═══ SOURCE DATA ═══

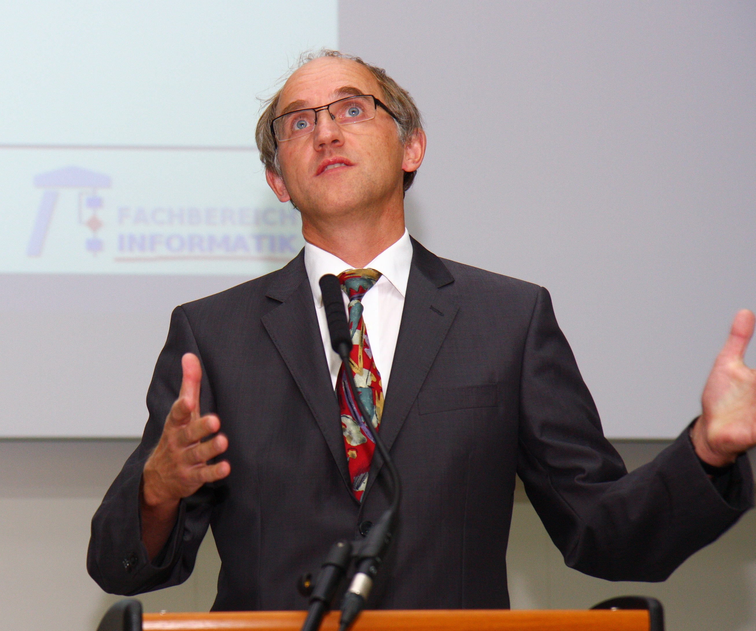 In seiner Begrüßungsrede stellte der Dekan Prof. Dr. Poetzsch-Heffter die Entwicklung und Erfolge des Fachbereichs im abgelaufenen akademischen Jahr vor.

═══
═══ SOURCE DATA ═══

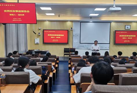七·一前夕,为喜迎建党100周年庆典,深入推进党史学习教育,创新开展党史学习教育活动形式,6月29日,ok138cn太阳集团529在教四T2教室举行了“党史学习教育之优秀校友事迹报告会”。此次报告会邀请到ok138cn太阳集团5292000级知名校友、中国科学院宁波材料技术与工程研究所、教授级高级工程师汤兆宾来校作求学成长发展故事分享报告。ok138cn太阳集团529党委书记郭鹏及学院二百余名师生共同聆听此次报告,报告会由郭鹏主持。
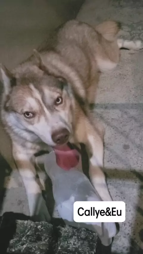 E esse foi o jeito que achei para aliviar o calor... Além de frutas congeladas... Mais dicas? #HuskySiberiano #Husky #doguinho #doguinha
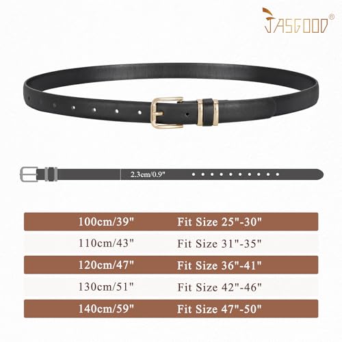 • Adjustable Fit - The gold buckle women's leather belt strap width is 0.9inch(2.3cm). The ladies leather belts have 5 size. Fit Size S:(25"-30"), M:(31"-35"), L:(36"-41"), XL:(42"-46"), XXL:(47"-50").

═══

• [HOW TO COMPLETE THIS TASK]: The material above holds pictures; leave them out and set down exactly the lines from the line with "E esse foi o" to the line with "The gold buckle", both included.

• [EXPECTED ANSWER]:
 E esse foi o jeito que achei para aliviar o calor... Além de frutas congeladas... Mais dicas? #HuskySiberiano #Husky #doguinho #doguinha
 • Adjustable Fit - The gold buckle women's leather belt strap width is 0.9inch(2.3cm). The ladies leather belts have 5 size. Fit Size S:(25"-30"), M:(31"-35"), L:(36"-41"), XL:(42"-46"), XXL:(47"-50").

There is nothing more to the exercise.